Son esos días en los que me detengo a pensar en los acontecimientos pasados; y ese día es hoy, aquí, en este momento, sintiendo el roce de la lapicera con la hoja de papel, en medio de tanto silencio y quietud.
Me detengo cavilando ahora si en que mis situaciones normales fueron dadas para que sean siempre así. A la mínima de cambio en este tipo de tesitura, el miedo se apodera de mí soberanamente. No deseo considerarme un "lobo estepario" pero admito que tengo y tuve muchas de sus características, la soledad tan sombría y a veces placentera, sentirse fuera de este mundo y parte de otro totalmente diferente, espiritual y sensible.

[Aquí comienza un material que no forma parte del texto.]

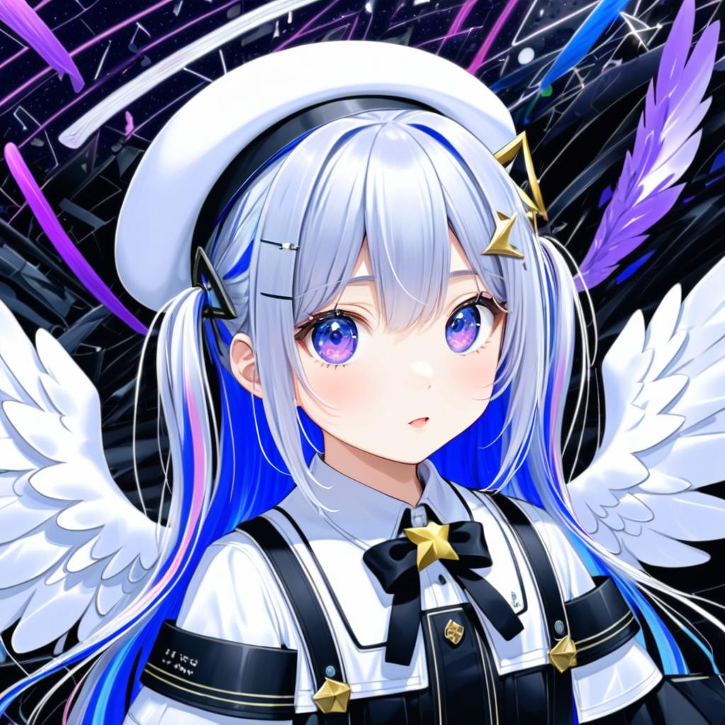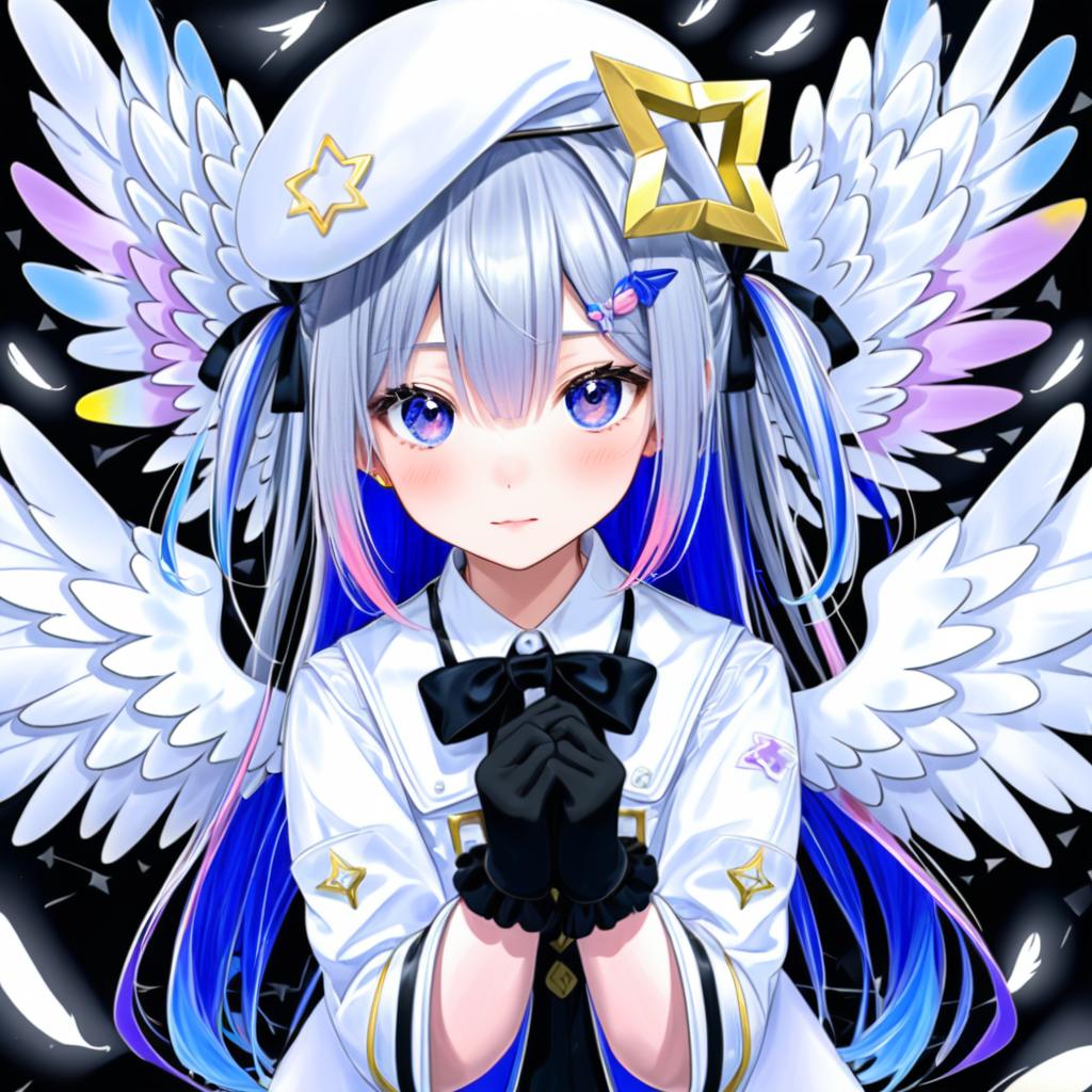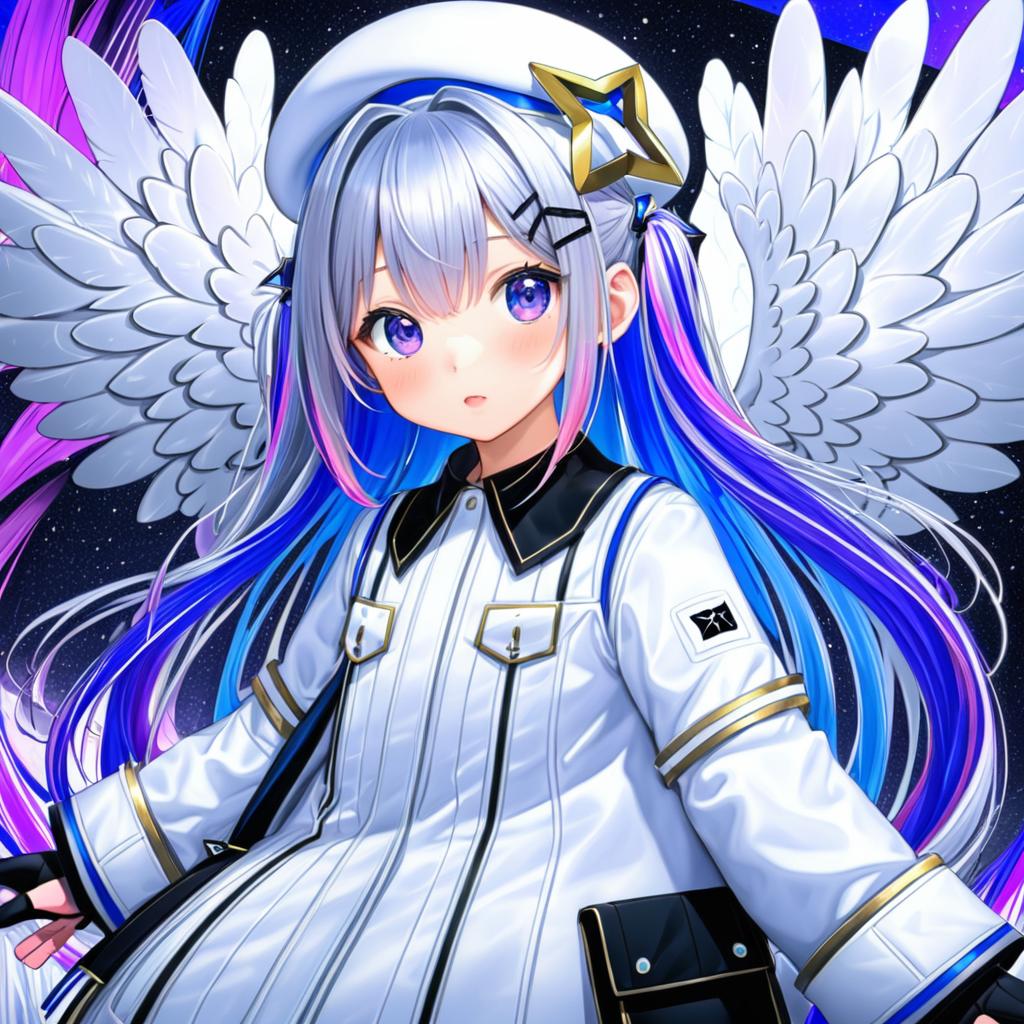 Digital illustration of a young anime girl with long blue, grey, and pink streaked hair, styled in asymmetrical bangs and two side ponytails. She has purple eyes and wears a white beret with a golden star-shaped halo, a white jacket with black and gold accents, and black fingerless gloves. Large white feathered angel wings extend behind her against a starry night background, creating a celestial appearance. The image is inspired by virtual YouTuber art style and features detailed anime elements.

Espero mucho más de lo que tengo y no puedo soportar la triste situación de mi propia cotidianeidad, pero una vez que aquello cambió no resultó ser lo que pensaba, aunque fuese sólo unos pequeños y cálidos momentos, no puedo dejar de pensar en que quizás dentro de la cotidianeidad todo estuviese mejo. Dejar de tratar de cambiar mi situación a toda costa y vivir la vida que tengo ahora en estos instantes, escribiendo y leyendo sin esperar una única cosa pero añorando muchas otras, y dejar que el tiempo, el destino, el azar o quien sea decida qué cambios hacer y cómo hacerlos. Dejar el fluir el tiempo como dejo que el oleaje del mar me lleve en una plácida cama de pequeñas y reconfortantes olas.
El destino es un medio que ataña a muchas personas, pero no quiero ser parte de la multitud de siempre y olvidarme por completo de ese miedo, tengo muchos otros por los cuales fria y calculadamente preocuparme; otra vez iré contra la corriente, aunque para ello haya que bracear con ganas.
Llegó la hora, pues, de salir del ostracismo.